## How to complete this task
Set down a true copy of the data, with all pictures left out.

## Available data
------------------------------------------------

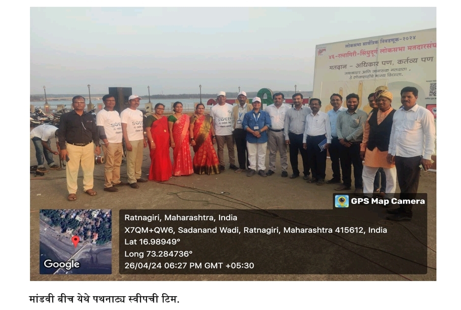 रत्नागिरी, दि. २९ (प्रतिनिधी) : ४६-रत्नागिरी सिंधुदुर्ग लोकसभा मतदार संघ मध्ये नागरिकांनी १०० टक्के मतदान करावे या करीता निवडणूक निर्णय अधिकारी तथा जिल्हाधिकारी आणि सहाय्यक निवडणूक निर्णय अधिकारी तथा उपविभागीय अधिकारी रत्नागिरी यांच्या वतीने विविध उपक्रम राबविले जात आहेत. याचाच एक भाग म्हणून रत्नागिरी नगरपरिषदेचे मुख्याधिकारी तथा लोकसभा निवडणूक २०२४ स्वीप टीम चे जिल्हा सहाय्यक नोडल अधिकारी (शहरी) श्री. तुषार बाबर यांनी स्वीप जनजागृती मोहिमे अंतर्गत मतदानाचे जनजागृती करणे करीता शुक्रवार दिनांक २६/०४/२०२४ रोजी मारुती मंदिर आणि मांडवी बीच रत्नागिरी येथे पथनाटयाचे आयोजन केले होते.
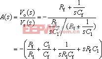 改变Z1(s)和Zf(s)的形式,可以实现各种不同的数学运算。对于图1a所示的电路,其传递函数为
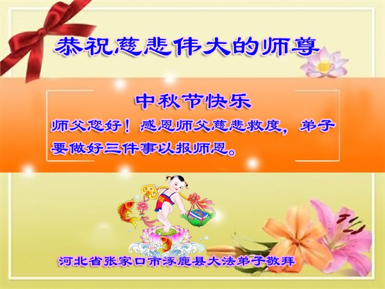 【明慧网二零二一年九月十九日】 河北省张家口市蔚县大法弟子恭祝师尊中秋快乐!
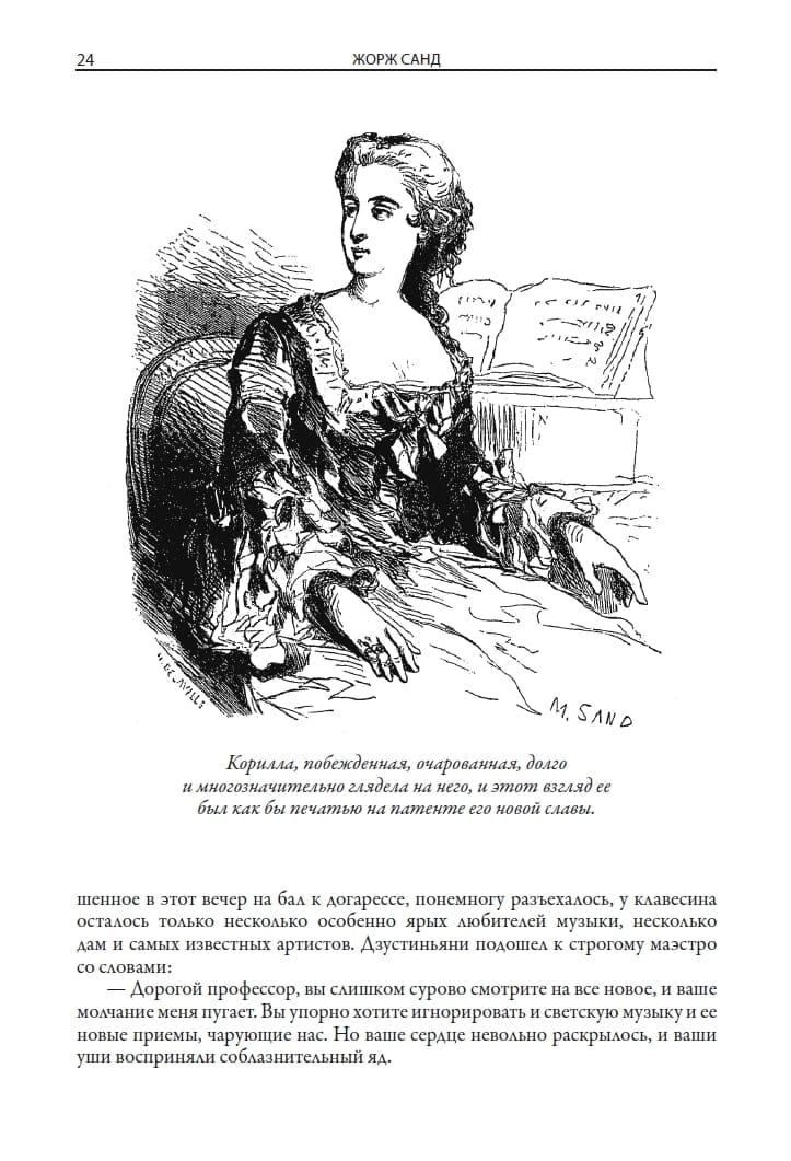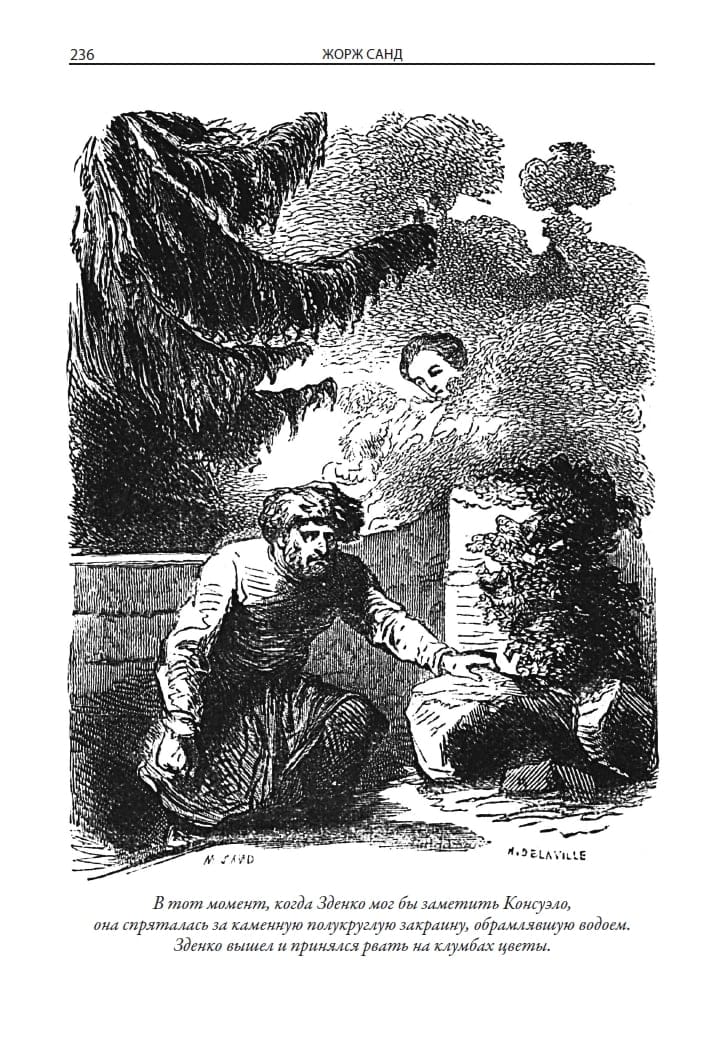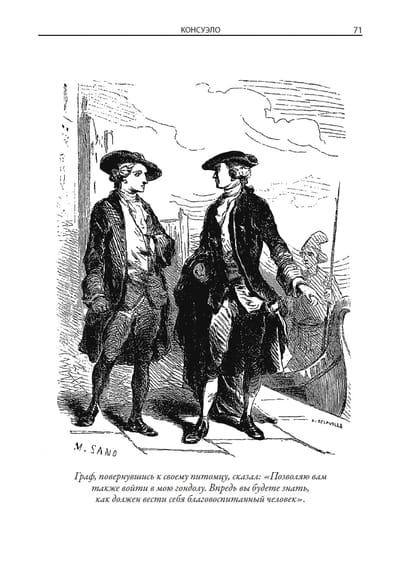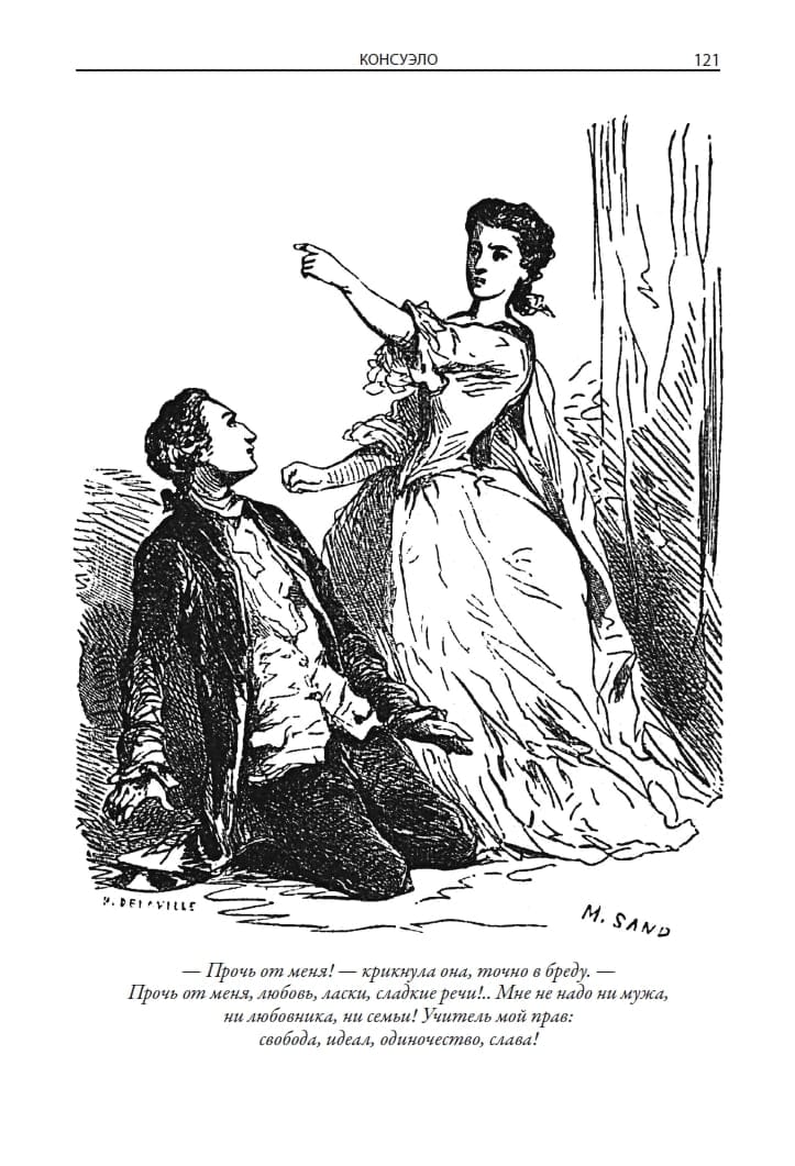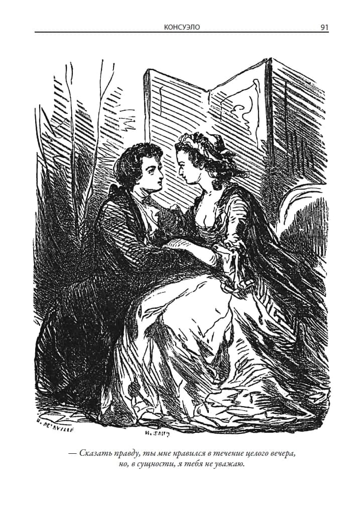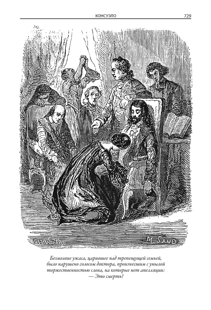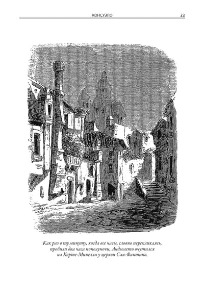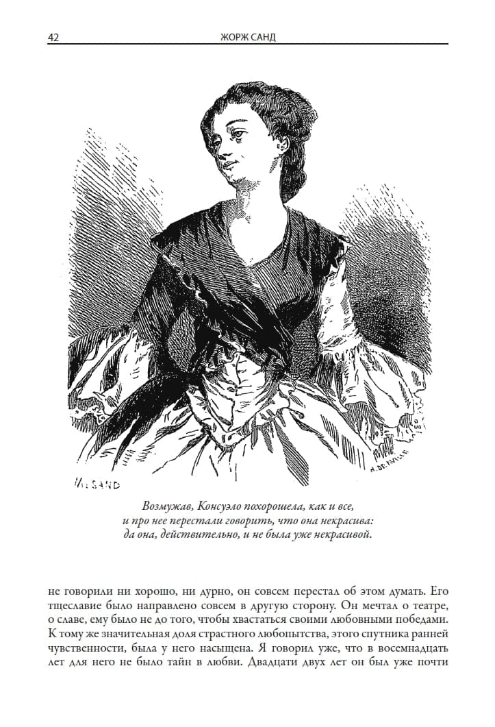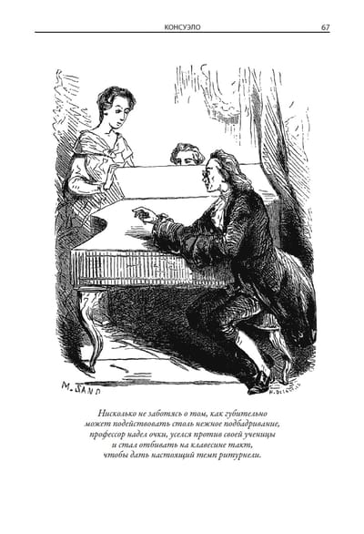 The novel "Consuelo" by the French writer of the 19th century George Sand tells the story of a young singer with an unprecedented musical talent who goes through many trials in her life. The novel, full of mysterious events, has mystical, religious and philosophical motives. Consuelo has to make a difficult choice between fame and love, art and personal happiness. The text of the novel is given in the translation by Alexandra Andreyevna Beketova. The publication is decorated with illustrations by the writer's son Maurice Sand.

------------------------------------------------

## Answer box
 रत्नागिरी, दि. २९ (प्रतिनिधी) : ४६-रत्नागिरी सिंधुदुर्ग लोकसभा मतदार संघ मध्ये नागरिकांनी १०० टक्के मतदान करावे या करीता निवडणूक निर्णय अधिकारी तथा जिल्हाधिकारी आणि सहाय्यक निवडणूक निर्णय अधिकारी तथा उपविभागीय अधिकारी रत्नागिरी यांच्या वतीने विविध उपक्रम राबविले जात आहेत. याचाच एक भाग म्हणून रत्नागिरी नगरपरिषदेचे मुख्याधिकारी तथा लोकसभा निवडणूक २०२४ स्वीप टीम चे जिल्हा सहाय्यक नोडल अधिकारी (शहरी) श्री. तुषार बाबर यांनी स्वीप जनजागृती मोहिमे अंतर्गत मतदानाचे जनजागृती करणे करीता शुक्रवार दिनांक २६/०४/२०२४ रोजी मारुती मंदिर आणि मांडवी बीच रत्नागिरी येथे पथनाटयाचे आयोजन केले होते.
 改变Z1(s)和Zf(s)的形式,可以实现各种不同的数学运算。对于图1a所示的电路,其传递函数为
 【明慧网二零二一年九月十九日】 河北省张家口市蔚县大法弟子恭祝师尊中秋快乐!
 The novel "Consuelo" by the French writer of the 19th century George Sand tells the story of a young singer with an unprecedented musical talent who goes through many trials in her life. The novel, full of mysterious events, has mystical, religious and philosophical motives. Consuelo has to make a difficult choice between fame and love, art and personal happiness. The text of the novel is given in the translation by Alexandra Andreyevna Beketova. The publication is decorated with illustrations by the writer's son Maurice Sand.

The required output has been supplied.